No, not a ladybug
This past October, every law student at the University of Toronto received a shocking email: exactly one (1) bed bug was spotted in room P228 of the library. This bed bug quickly became one of the most talked about people at the law school. It was even the source of inspiration for a Halloween costume at last month’s SLS event.
I sat down with the controversial figure at the esteemed Terima Café to gain insight into his time at the law school thus far. After a tongue-in-cheek comment on the disappointing quality of the baguette he purchased for an economical $15 from Terima, (he says he was “spoiled” on a recent trip abroad), we dove into what would become one of the most formative conversations of my life.
Emma Davies [E.D.]: Hi Mr. Bug. I know you have a packed schedule, so I want to get right to the important questions. What’s the biggest issue facing bed bugs today?
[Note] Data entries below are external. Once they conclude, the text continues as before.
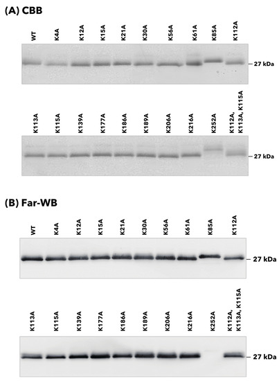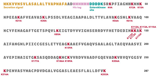 The binding properties of 20 rTpiA proteins, including the wild-type rTpiA, to human plasminogen were qualitatively analyzed. Each rTpiA was subjected to SDS-PAGE analysis and stained with CBB to confirm that each band was approximately 27 kDa (Figure 2A). In the K85A and K252A mutants of rTpiA, the bands were slightly shifted upward. The cause of this is not clear, but several instances have been reported in which a single amino acid substitution can result in fluctuations in the swim position in SDS-PAGE [19,20,21]. At least we have confirmed that the DNA sequence is correct in all rTpiA. Plasminogen was applied to each rTpiA protein, and the bound plasminogen was detected by far-Western blotting; no clear band was observed in the substituted rTpiA K252A (Figure 2B).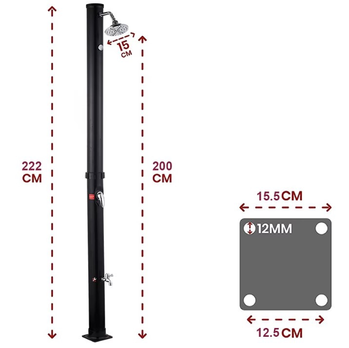 STRONGPRO tuš solarni KR-301 20L- Savršen spoj funkcionalnosti i elegancije!Solarni tuš kapaciteta 20 litara omogućava Vam uživanje u toploj vodi bez dodatnih troškova energije. Zahvaljujući solarnom sistemu grijanja, voda se prirodno zagrijava sunčevim zracima, pružajući Vam ugodno osvježenje u dvorištu, pored bazena ili na vikendici. Moderan dizajn i kvalitetni materijali osiguravaju dugotrajnost i otpornost na vremenske uslove.Dimenzije (š x v x d): 15,5x222x15,5cm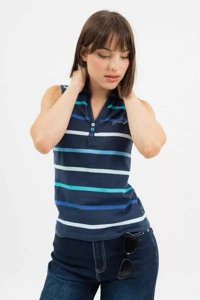 ujjatlan női galléros felsőszűk fazon - nyomott mintával díszítve<br> <br><p>Ez az <strong>ujjatlan női galléros felső</strong> <strong>szűk fazonú</strong>, amely kiemeli a nőies vonalakat és kényelmes, testhez simuló viseletet biztosít. A modellt stílusos <strong>nyomott minta</strong> díszíti.</p>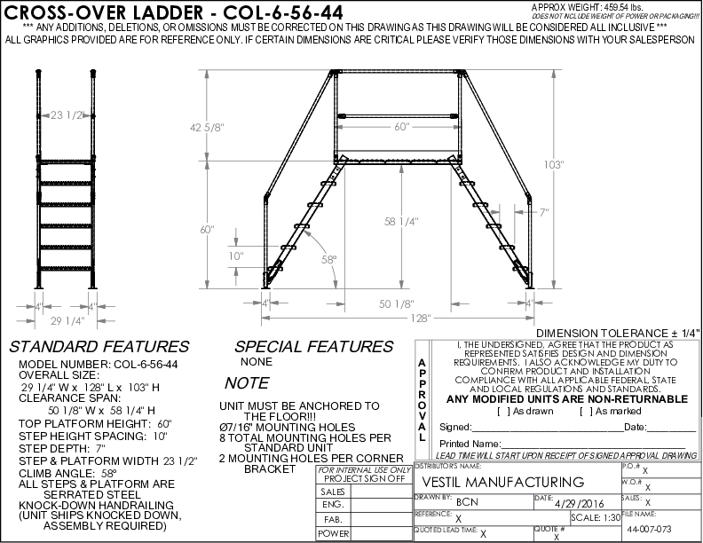 Vestil Steel Crossover Ladder 6 Step 23.5 In. x 60 In. 500 Lb. Capacity Yellow COL-6-56-44

Bed Bug [B.B.]: Please—call me Bed, Mr. Bug was my father. And to answer your question, probably stigma or unpopularity. It’s one of the reasons I agreed to do this interview. I’m hoping to shed some light on the positives of being close with a bed bug. We’re loyal in that we will stick with you; we’re adept at building big communities; and we’re inclusive. We’ll hop on to pretty much any fabric!
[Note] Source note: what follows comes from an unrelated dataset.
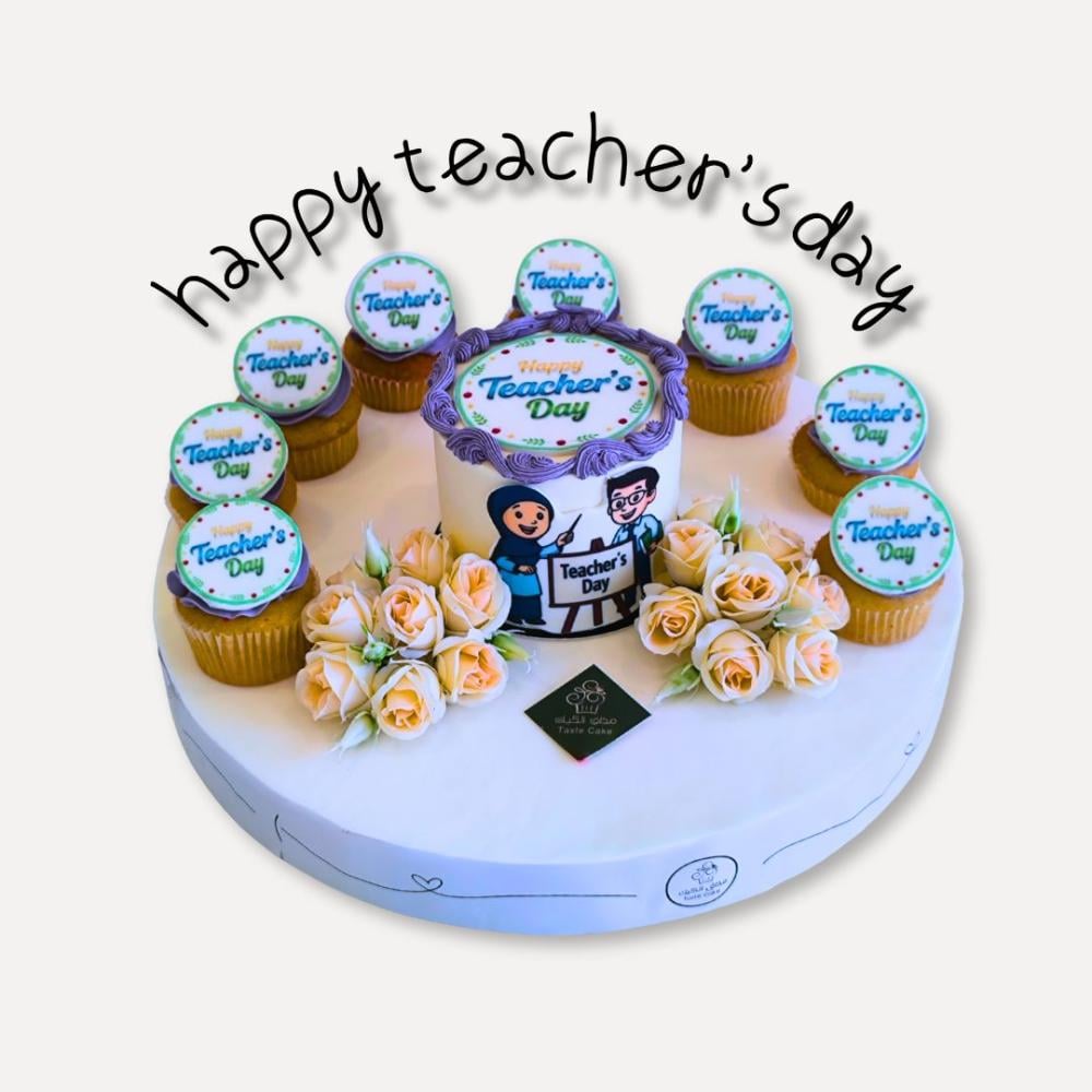 كيكه يوم المعلم - كيك مع توزيعات كب كيك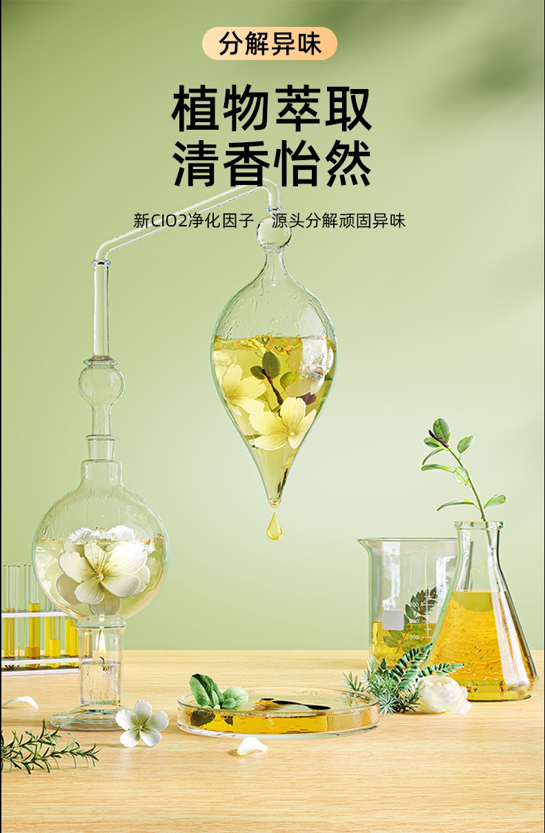 2. Разлагает запахи, извлекает из растений ароматный и приятный новый фактор очистки CI02 и разлагает стойкие запахи у источника.

E.D.: In keeping with the theme of building community, how are you hoping to make your mark here at the law school?
B.B.: Aside from little spots on the wall? I’m considering creating a sister event to J’s Java called BB’s Beans. I think it would be a great way to bridge the human-bug divide. A cup of joe between colleagues goes a long way in improving relationships. I’m also thinking we should start a mandatory blood drive, for no particular reason. I would be more than happy to help administer it.
E.D.: What have you learned about the law since being at the faculty?
B.B: Well, I thought we had a presumption of innocence, but clearly that’s not the case. [He laughs]. But seriously, I have been reading up on defamation law. When you’ve had as many bad things said about you as I have, you start to get concerned. Although, part of the issue is that they’re all true! Love me or hate me, I’m always going to be myself.
E.D.: That kind of self-awareness is admirable. What has surprised you most about law students?
B.B.: At first, I was confused about how much they seem to dislike snails. All the snails I hang out with are nice guys—family guys. They like to take things slow, which I appreciate in such a fast-paced world. I only realized later that it was an acronym for ‘Students Not Actually In Law School.’ And on that point, I agree. Where’s the pest control for the undergrads, am I right?
E.D.: Speaking of pest control, how did you feel when the exterminators were called on you?
B.B.: That was—[he composes himself]. It was a hard day. Can we go to the next question?
E.D.: Sure, let’s end on a positive note. Bed bugs have recently been spotted on the TTC. Do you have any words of encouragement for them?
B.B.: I would say just keep going. A lot of people in our community think that the TTC is amateur hour for bed bugs. But everyone has to start somewhere. Some people might say that there are no beds on the subway, but anything can be a bed if you have the right ‘grindset’ [he taps his head with one of his many arms]. Who knows, one day those bugs might be seen at a CRA building—or hey, even a law school.
Editor’s Note: The views expressed by Bed Bug are his own and do not reflect the views of the interviewer or UV.Acknowledgements: I’d like to thank Jason Quinn (human), Mina Alam (also human), Julianna Lyon (again, human), and Bed (bug) for their help with this interview.